In order to use Hamming distance, the field of interest must have either a `binary` or `long` field type. If you're using `binary` type, the data must be a base64-encoded string.
This example shows how to use the Hamming distance space with a `binary` field type:
```json
PUT my-index
{
"mappings": {
"properties": {
"my_binary": {
"type": "binary",
"doc_values": true
},
"color": {
"type": "keyword"
}
}
}
}
```
Then add some documents:
```json
POST _bulk
{ "index": { "_index": "my-index", "_id": "1" } }
{ "my_binary": "SGVsbG8gV29ybGQh", "color" : "RED" }
{ "index": { "_index": "my-index", "_id": "2" } }
{ "my_binary": "ay1OTiBjdXN0b20gc2NvcmluZyE=", "color" : "RED" }
{ "index": { "_index": "my-index", "_id": "3" } }
{ "my_binary": "V2VsY29tZSB0byBrLU5O", "color" : "RED" }
{ "index": { "_index": "my-index", "_id": "4" } }
{ "my_binary": "SSBob3BlIHRoaXMgaXMgaGVscGZ1bA==", "color" : "BLUE" }
{ "index": { "_index": "my-index", "_id": "5" } }
{ "my_binary": "QSBjb3VwbGUgbW9yZSBkb2NzLi4u", "color" : "BLUE" }
{ "index": { "_index": "my-index", "_id": "6" } }
{ "my_binary": "TGFzdCBvbmUh", "color" : "BLUE" }
```
Finally, use the `script_score` query to pre-filter your documents before identifying nearest neighbors:
```json
GET my-index/_search
{
"size": 2,
"query": {
"script_score": {
"query": {
"bool": {
"filter": {
"term": {
"color": "BLUE"
}
}
}
},
"script": {
"lang": "knn",
"source": "knn_score",
"params": {
"field": "my_binary",
"query_value": "U29tZXRoaW5nIEltIGxvb2tpbmcgZm9y",
"space_type": "hammingbit"
}
}
}
}
}
```
Similarly, you can encode your data with the `long` field and run a search:
```json
GET my-long-index/_search
{
"size": 2,
"query": {
"script_score": {
"query": {
"bool": {
"filter": {
"term": {
"color": "BLUE"
}
}
}
},
"script": {
"lang": "knn",
"source": "knn_score",
"params": {
"field": "my_long",
"query_value": 23,
"space_type": "hammingbit"
}
}
}
}
}
```
## Spaces
A space corresponds to the function used to measure the distance between 2 points in order to determine the k-nearest neighbors.
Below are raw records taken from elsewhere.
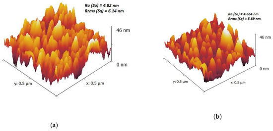 AFM and NP-10 probes tips (Bruker, www.brukerafmprobes.com) with V-shaped cantilever and 20 nm radius pyramidal-geometry were used. The measurements were done in Tapping mode. The software NanoScope Analysis v1.4 (Bruker, Billerica, Massachusetts, USA, 2018) was used to calculate the average roughness which determines the deviation in height. Root mean square roughness represents the standard deviation of surface heights from AFM images. The thickness of was obtained by spectroscopic ellipsometry.
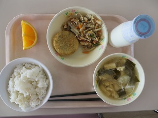 ごはん 菜の花のコロッケ 五目きんぴら みそ汁 オレンジ 牛乳
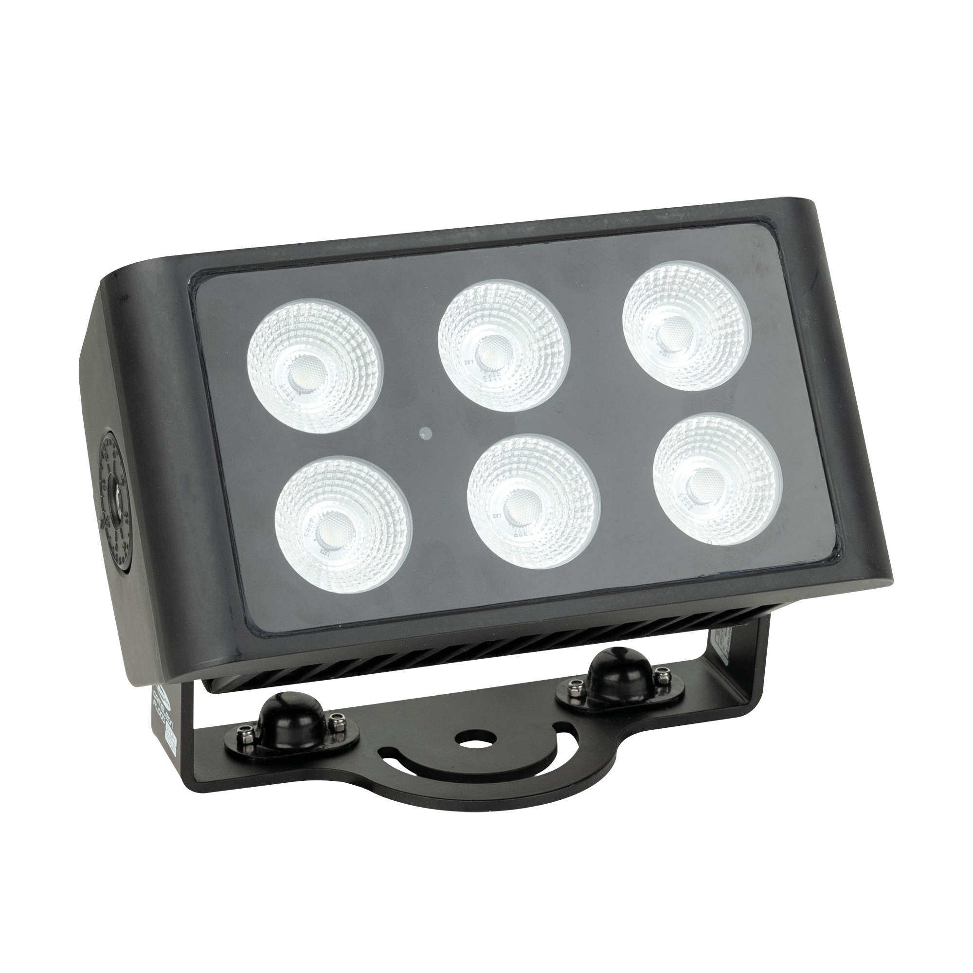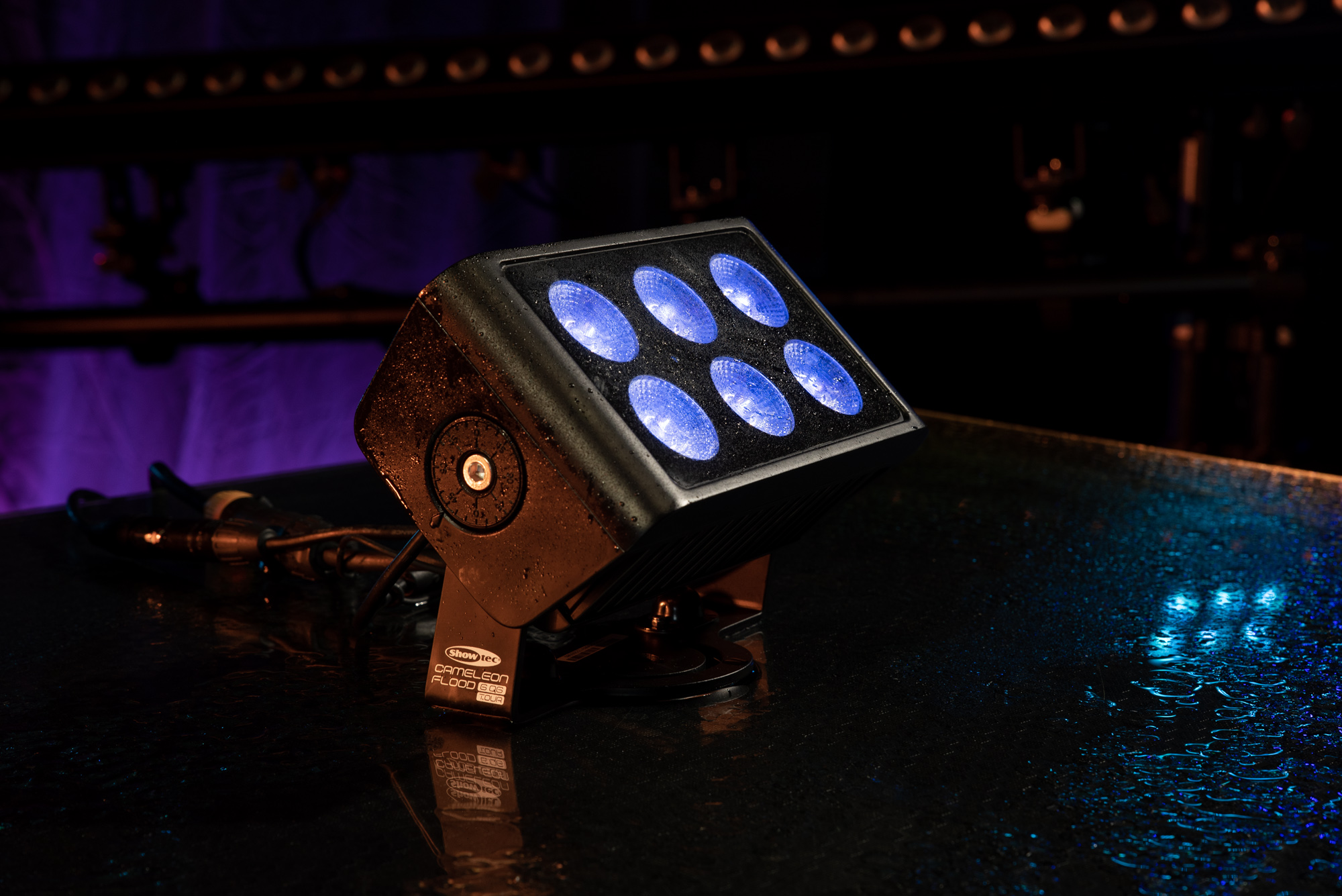 Der Showtec Cameleon Flood 6 Q6 Tour ist ein RGBWA-UV-LED-Fluter mit 6 LEDs mit je einer Leistung von 10 Watt. Dank der Schutzart IP65 kann er sowohl im Innen- als auch vorübergehend im Außenbereich verwendet werden. Durch den festen Strahlungswinkel von 40°, einen Dimmer von 0-100% und die Stroboskopeffekteffekte von 0-20 Hz ist dieser Scheinwerfer perfekt für die Farbmischung auf der Bühne geeignet. Der Cameleon Flood 6 Q6 Tour kann über DMX, im Master/Slave-Modus und mir IR-Fernbedienung manuell oder automatisch gesteuert werden. Für eine kinderleichte Bedienung verfügt er über zahlreiche voreingestellte Programme. Er ist mit Seetronic Power Pro True Stromanschlüssen der Schutzart IP65 ausgestattet, die mit allen gängigen Marken kompatibel sind. Eine Halterung zur einfachen Befestigung ist im Lieferumfang enthalten. Die Infrarot-Fernbedienung ist optional erhältlich.
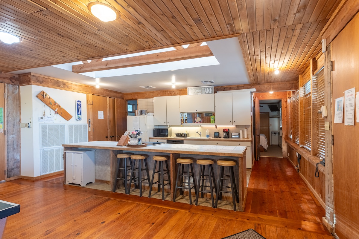 Esta casa de 2 dormitorios y 2 baños en Sam's Place ofrece todas las comodidades de casa. El dormitorio principal tiene un baño privado y la habitación con literas tiene capacidad para 9 personas, perfecta para familias o grupos. Con una acogedora sala de estar, cocina completa y cuarto de barro, es ideal para una estadía relajante. También disfrutarás de servicios compartidos como comedor al aire libre, parrillas, chimenea y The Storehouse para artículos básicos. Además, hay un muelle de aguas profundas, canoas/kayak y una ducha al aire libre después de tus aventuras en el lago.
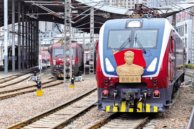“周恩来号”机车自1978年命名,47年间从内燃机车到电力机车更迭了四代机型。2015年,第四代“周恩来号”机车“和谐型”HXD1D-1898号正式上线运行至今,目前担当上海至南京间的K1555/K1556次旅客列车牵引任务。
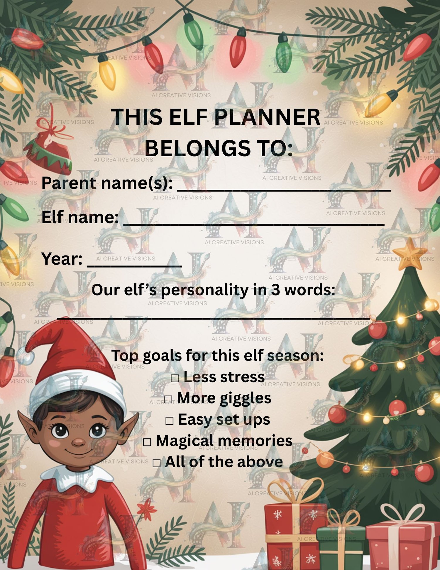 - Cover Page: Track your elf's name, personality, and top season goals.
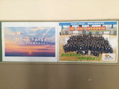 自分が変われば、世界が変わる!2、3年生の昇降口前の掲示板で毎朝生徒を出迎える掲示物です。
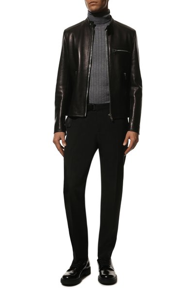 Для изготовления водолазки использовали шерстяную пряжу с добавлением кашемира и шелка. Поясу, манжетам и высокому вороту в рубчик вторит диагональный узор спереди.
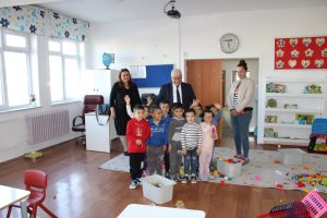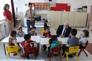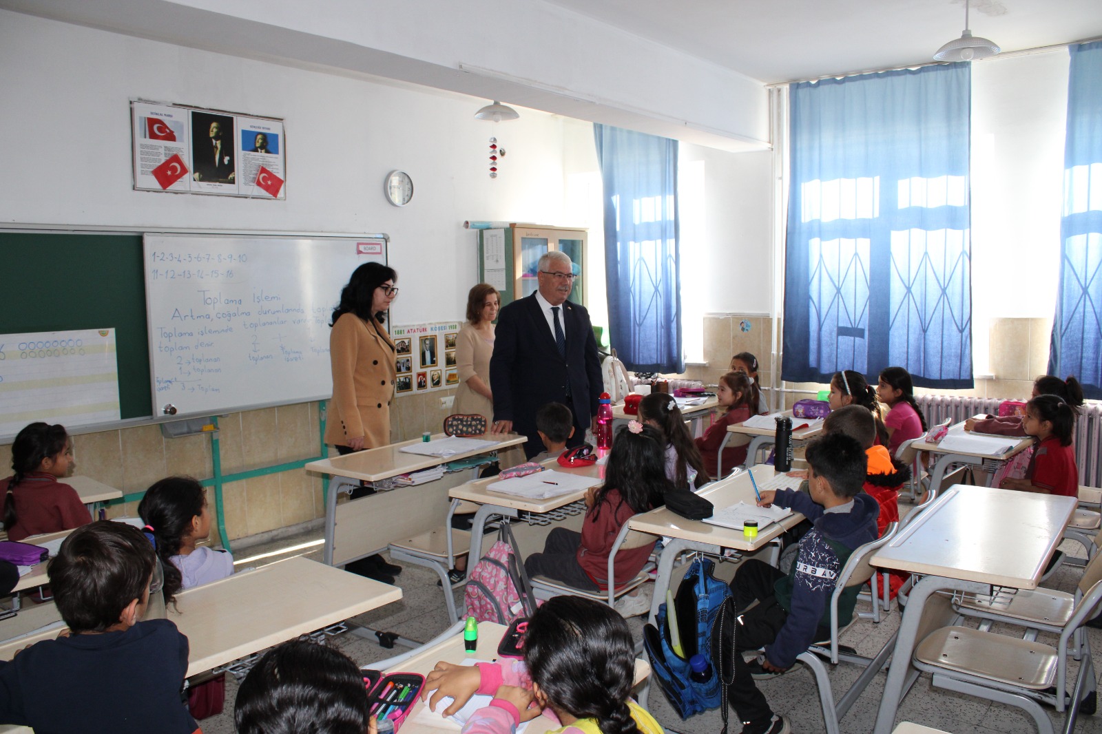 Bugünkü ziyaretini Atatürk İlkokuluna yaparak okul müdürü Ayşegül Baki’den yapılan çalışmalar hakkında bilgi aldı. İl Müdürü, anasınıfı öğrencilerini sınıflarında ziyaret ederek sohbet etti.
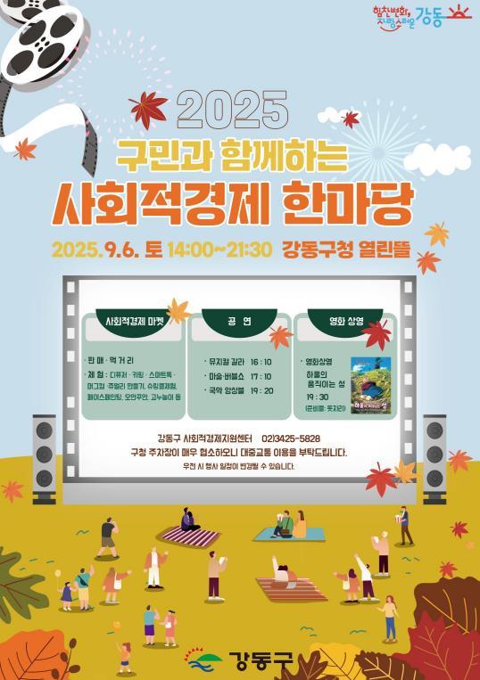 [중앙뉴스라인, 우제헌기자] 강동구는 오는 9월 6일 오후 2시 구청 앞 잔디광장 열린뜰에서 ‘ 2025 사회적경제한마당’을 개최한다고 밝혔다.

From the k-NN perspective, a lower score equates to a closer and better result. This is the opposite of how OpenSearch scores results, where a greater score equates to a better result. We include the conversions to OpenSearch scores in the table below:
<table>
<thead style="text-align: left">
<tr>
<th>spaceType</th>
<th>Distance Function</th>
<th>OpenSearch Score</th>
</tr>
</thead>
<tr>
<td>l2</td>
<td>\[ Distance(X, Y) = \sum_{i=1}^n (X_i - Y_i)^2 \]</td>
<td>1 / (1 + Distance Function)</td>
</tr>
<tr>
<td>l1</td>
<td>\[ Distance(X, Y) = \sum_{i=1}^n (X_i - Y_i) \]</td>
<td>1 / (1 + Distance Function)</td>
</tr>
<tr>
<td>cosinesimil</td>
<td>\[ {A &middot; B \over \|A\| &middot; \|B\|} =
{\sum_{i=1}^n (A_i &middot; B_i) \over \sqrt{\sum_{i=1}^n A_i^2} &middot; \sqrt{\sum_{i=1}^n B_i^2}}\]
where \(\|A\|\) and \(\|B\|\) represent normalized vectors.</td>
<td>1 + Distance Function</td>
</tr>
<tr>
<td>hammingbit</td>
<td style="text-align:center">Distance = countSetBits(X \(\oplus\) Y)</td>
<td> 1 / (1 + Distance Function)</td>
</tr>
</table>
Cosine similarity returns a number between -1 and 1, and because OpenSearch relevance scores can't be below 0, the k-NN plugin adds 1 to get the final score.